[Stored items]
---+---
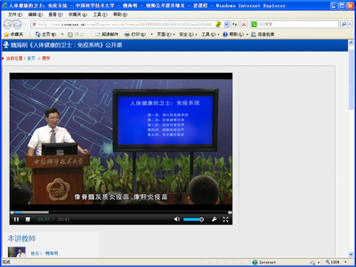 《人体健康的卫士:免疫系统》是我校2013年申报教育部精品视频公开课的3门课程之一。这是继汪志勇教授主讲的《化学与日常生活中的安全》课程和高琛教授主讲的《生活中的光学》课程之后第三门上线的课程。至此,我校2013年申报教育部精品视频公开课的3门课程均已上线,继续保持了3年来我校拍摄制作的视频公开课100%的上线率。
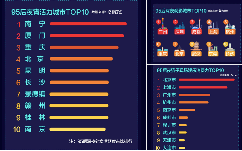 橫向比較95後宵夜活力城市TOP10、95後深夜觀影城市TOP10、95後夜貓子現場娛樂消費力TOP10,入圍城市均以南方城市為主。廣州、上海、杭州、成都、深圳四地95後夜貓子在多個文化消費榜單中處於領先位置,北京是唯一全部入圍的北方城市。
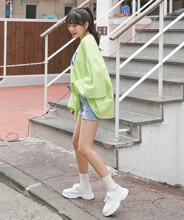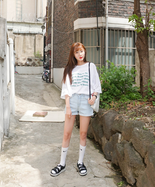 在中央印上LOGO字樣或插畫圖案的上衣存在感十足,與牛仔短褲可說是非常相襯。同時因為搭配起來無須任何穿搭技巧,即使是趕著出門的忙碌早晨也能輕鬆完成。
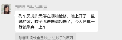 “列车员有上报,也有情绪安抚,但无具体措施。列车员说昨天停在潮汕检修,晚上开了一整晚的窗,蚊子飞进来藏起来了,今天列车一行驶,乘客一上车,蚊子就都飞出来了。”该网友说,他们希望尽快解决问题,并要求车票补偿。
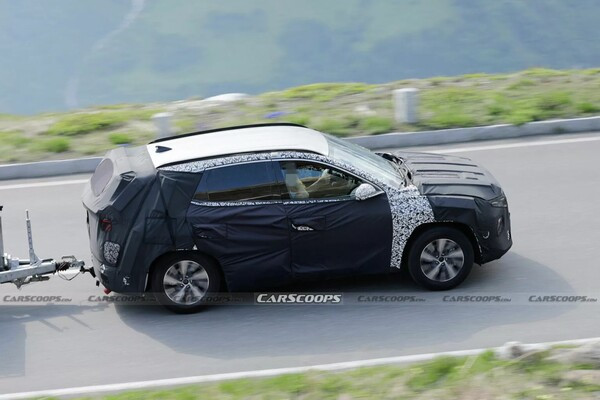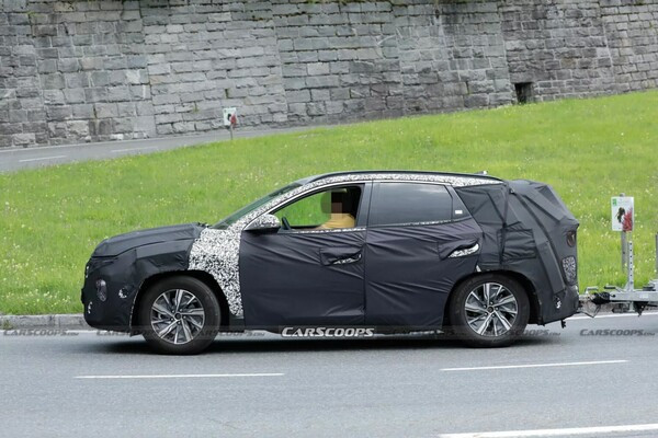 투싼 페이스리프트 모델은 알프스에서의 테스트 중 포착되었으며, 대부분이 위장막으로 가려져 있는 모습이었다.
---+---
Task item:
If a record holds a picture, drop the picture and return the rest of it exactly.

Response:
 《人体健康的卫士:免疫系统》是我校2013年申报教育部精品视频公开课的3门课程之一。这是继汪志勇教授主讲的《化学与日常生活中的安全》课程和高琛教授主讲的《生活中的光学》课程之后第三门上线的课程。至此,我校2013年申报教育部精品视频公开课的3门课程均已上线,继续保持了3年来我校拍摄制作的视频公开课100%的上线率。
 橫向比較95後宵夜活力城市TOP10、95後深夜觀影城市TOP10、95後夜貓子現場娛樂消費力TOP10,入圍城市均以南方城市為主。廣州、上海、杭州、成都、深圳四地95後夜貓子在多個文化消費榜單中處於領先位置,北京是唯一全部入圍的北方城市。
 在中央印上LOGO字樣或插畫圖案的上衣存在感十足,與牛仔短褲可說是非常相襯。同時因為搭配起來無須任何穿搭技巧,即使是趕著出門的忙碌早晨也能輕鬆完成。
 “列车员有上报,也有情绪安抚,但无具体措施。列车员说昨天停在潮汕检修,晚上开了一整晚的窗,蚊子飞进来藏起来了,今天列车一行驶,乘客一上车,蚊子就都飞出来了。”该网友说,他们希望尽快解决问题,并要求车票补偿。
 투싼 페이스리프트 모델은 알프스에서의 테스트 중 포착되었으며, 대부분이 위장막으로 가려져 있는 모습이었다.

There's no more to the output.